Housing has increased enforcement of anti-drug and alcohol policies and expanded its no-smoking policy to extend outside the dorms.

“We went through and rewrote our policies because we thought they weren’t the easiest to read and we wanted residents to know what they were responsible for,” said Housing Director Juan Regalado.

In the past, housing staff were more passive in dealing with such policy, but now that they have revised and clarified rules for residents, housing will be more up front with residents.

In order to make the policy run more smoothly resident advisers were trained in the new policy as quickly as possible.

“We read up on the policy and played Policy Jeopardy,” Rebekah Reza, resident adviser to Brandt Hall, said. “We learned to incorporate them and it made it much easier to memorize.”

“The R.A.’s are very quick to get back to you,”freshmen Oaks B top resident Elaine Huynh said. “If you have a problem don’t let it go, the housing staff are very understanding of your situation.”
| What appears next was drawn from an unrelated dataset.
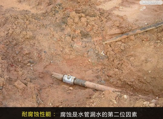 優(yōu)質(zhì)水管材料除了水管材料強(qiáng)度要足之外,還必須有很強(qiáng)的耐腐蝕性能。主要包括:耐水流腐蝕問題、耐水質(zhì)腐蝕、耐空氣腐蝕等。腐蝕是水管漏水的第二位因素,但卻是造成水管污染水源的第一位因素。
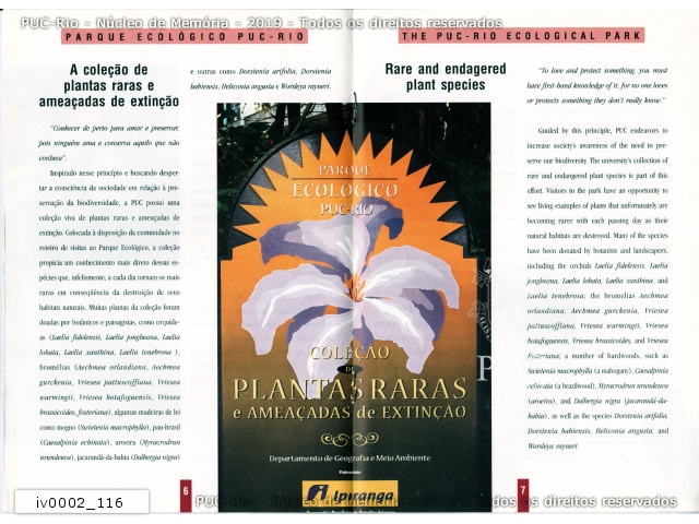 Parque Ecológico da PUC-Rio - Guia de visitantes. Bilíngue. A coleção de plantas raras e ameaçadas de extinção. Ilustração. |

Another change in policy includes making sure courtesy hours are respected like all other policies.

While courtesy hours have always been present in the housing policy, they were always assumed to be an obvious rule.

Now resident advisers can document students who are reported to be violating policy.

One change that has many students talking is the restriction of hookahs in housing.

“I think the hookah rule this year is a little ridiculous but I can understand why they had to crack down because of some of the problems that had happened last year,” Jessica Gerard, Oaks F bottom resident said.

With restricted smoking areas dotted around campus, housing is doing their part to further enforce the smoking policy.

Other changes include harsher punishment for violation of the alcohol and drug policy.

Last year the housing department battled with attempts by student to pass off medical marijuana cards as reason to possess marijuana on campus.

Medical marijuana cards are prohibited on the University’s grounds, as laid out in housing policies.

Students who violate this policy are subject to judicial review.

The housing process includes the review by a housing or university judicial officer.

Students can present information regarding the alleged violation both in person and through written documents.

However, depending on the situation, first time offenders in possession of drugs or being present where drugs are being used may be subject for automatic housing contract cancellation.

“I agree with the policies; if you do anything wrong don’t bring your mess back to the dorms,” Huynh said. “People think we have more freedom to go out and do what we want, but we do have to take care of ourselves in the dorms.”